▶ _Records_:

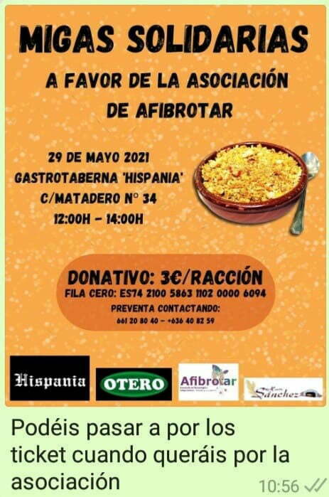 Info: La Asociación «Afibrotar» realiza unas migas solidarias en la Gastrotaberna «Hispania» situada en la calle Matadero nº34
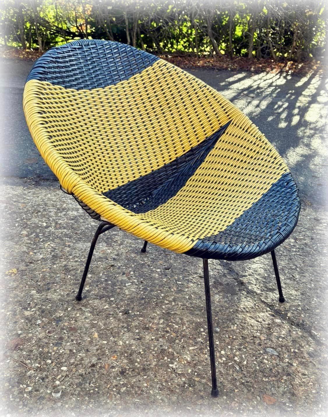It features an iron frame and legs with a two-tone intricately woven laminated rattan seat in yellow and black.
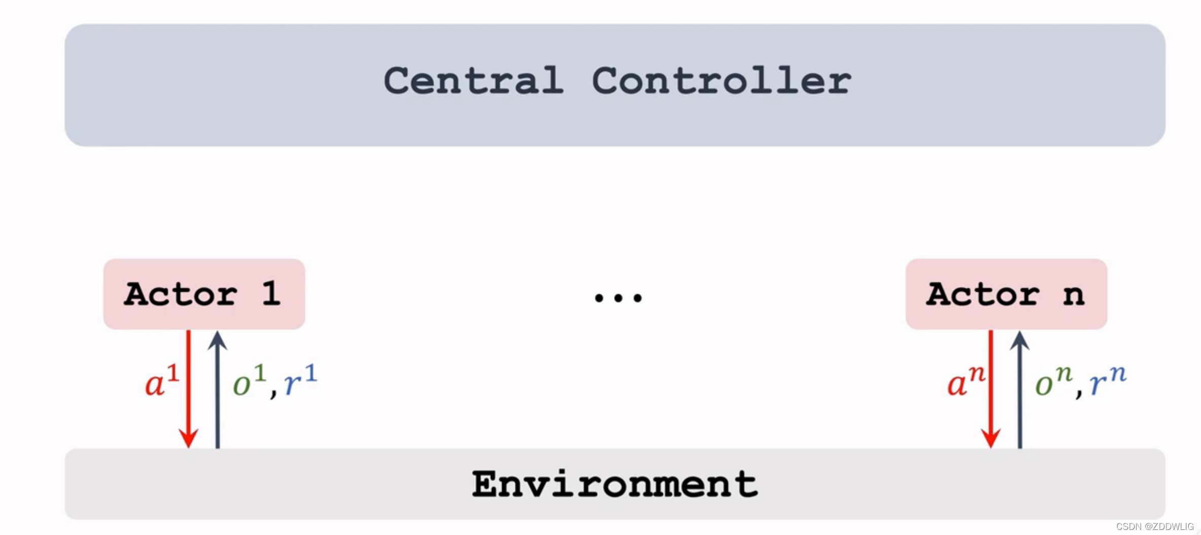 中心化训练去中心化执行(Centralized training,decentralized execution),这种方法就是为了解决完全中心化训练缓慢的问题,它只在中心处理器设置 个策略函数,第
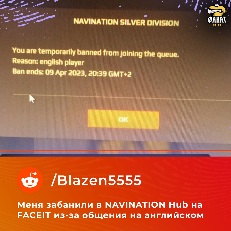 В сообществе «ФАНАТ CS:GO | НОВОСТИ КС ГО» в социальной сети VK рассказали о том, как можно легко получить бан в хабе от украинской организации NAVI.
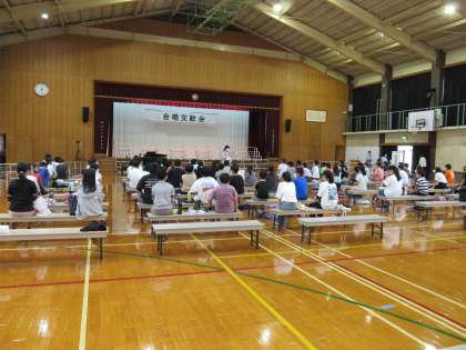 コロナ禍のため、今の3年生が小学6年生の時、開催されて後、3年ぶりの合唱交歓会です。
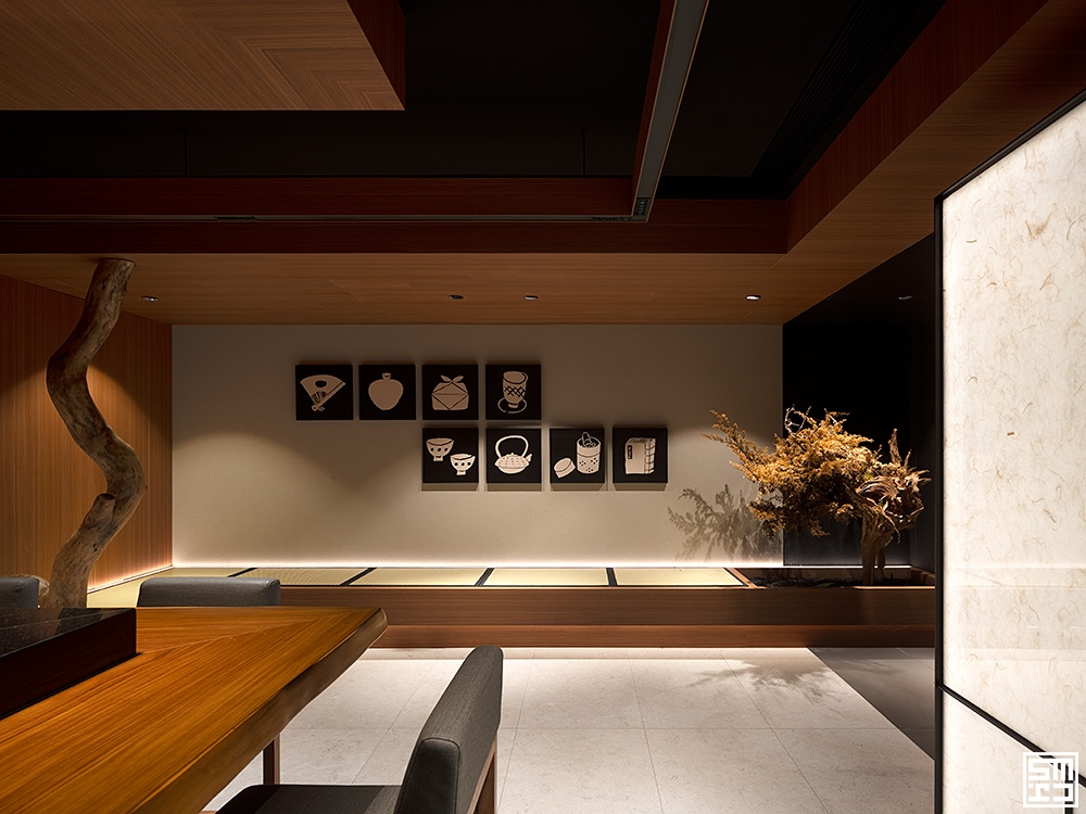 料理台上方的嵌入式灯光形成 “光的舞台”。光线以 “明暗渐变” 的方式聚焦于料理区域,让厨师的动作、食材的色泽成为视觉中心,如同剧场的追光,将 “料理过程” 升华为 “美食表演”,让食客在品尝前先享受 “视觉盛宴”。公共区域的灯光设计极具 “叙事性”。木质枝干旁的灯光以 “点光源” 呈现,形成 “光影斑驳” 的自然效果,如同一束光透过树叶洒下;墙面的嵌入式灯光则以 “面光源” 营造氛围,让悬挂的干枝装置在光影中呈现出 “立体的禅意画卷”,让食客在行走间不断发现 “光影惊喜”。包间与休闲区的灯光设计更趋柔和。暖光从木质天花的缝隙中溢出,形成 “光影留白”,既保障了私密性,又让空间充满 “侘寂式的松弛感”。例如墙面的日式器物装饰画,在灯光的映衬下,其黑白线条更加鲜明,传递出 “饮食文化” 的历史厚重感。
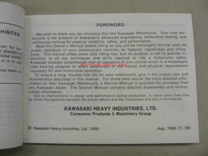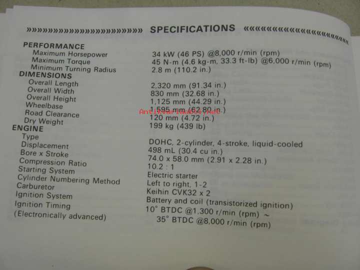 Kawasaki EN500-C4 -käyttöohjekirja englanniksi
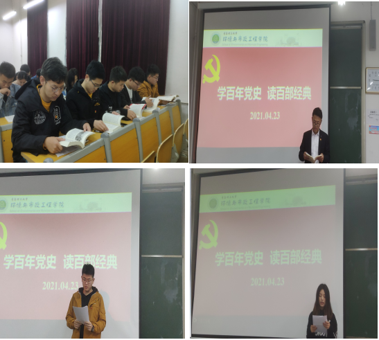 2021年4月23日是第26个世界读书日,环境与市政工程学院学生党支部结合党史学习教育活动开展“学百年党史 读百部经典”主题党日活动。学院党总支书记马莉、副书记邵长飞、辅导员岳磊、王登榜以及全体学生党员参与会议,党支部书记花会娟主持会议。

▶ _What is required_:
Your copy should match every entry above exactly and contain no pictures.

▶ _Finished exercise_:
 Info: La Asociación «Afibrotar» realiza unas migas solidarias en la Gastrotaberna «Hispania» situada en la calle Matadero nº34
It features an iron frame and legs with a two-tone intricately woven laminated rattan seat in yellow and black.
 中心化训练去中心化执行(Centralized training,decentralized execution),这种方法就是为了解决完全中心化训练缓慢的问题,它只在中心处理器设置 个策略函数,第
 В сообществе «ФАНАТ CS:GO | НОВОСТИ КС ГО» в социальной сети VK рассказали о том, как можно легко получить бан в хабе от украинской организации NAVI.
 コロナ禍のため、今の3年生が小学6年生の時、開催されて後、3年ぶりの合唱交歓会です。
 料理台上方的嵌入式灯光形成 “光的舞台”。光线以 “明暗渐变” 的方式聚焦于料理区域,让厨师的动作、食材的色泽成为视觉中心,如同剧场的追光,将 “料理过程” 升华为 “美食表演”,让食客在品尝前先享受 “视觉盛宴”。公共区域的灯光设计极具 “叙事性”。木质枝干旁的灯光以 “点光源” 呈现,形成 “光影斑驳” 的自然效果,如同一束光透过树叶洒下;墙面的嵌入式灯光则以 “面光源” 营造氛围,让悬挂的干枝装置在光影中呈现出 “立体的禅意画卷”,让食客在行走间不断发现 “光影惊喜”。包间与休闲区的灯光设计更趋柔和。暖光从木质天花的缝隙中溢出,形成 “光影留白”,既保障了私密性,又让空间充满 “侘寂式的松弛感”。例如墙面的日式器物装饰画,在灯光的映衬下,其黑白线条更加鲜明,传递出 “饮食文化” 的历史厚重感。
 Kawasaki EN500-C4 -käyttöohjekirja englanniksi
 2021年4月23日是第26个世界读书日,环境与市政工程学院学生党支部结合党史学习教育活动开展“学百年党史 读百部经典”主题党日活动。学院党总支书记马莉、副书记邵长飞、辅导员岳磊、王登榜以及全体学生党员参与会议,党支部书记花会娟主持会议。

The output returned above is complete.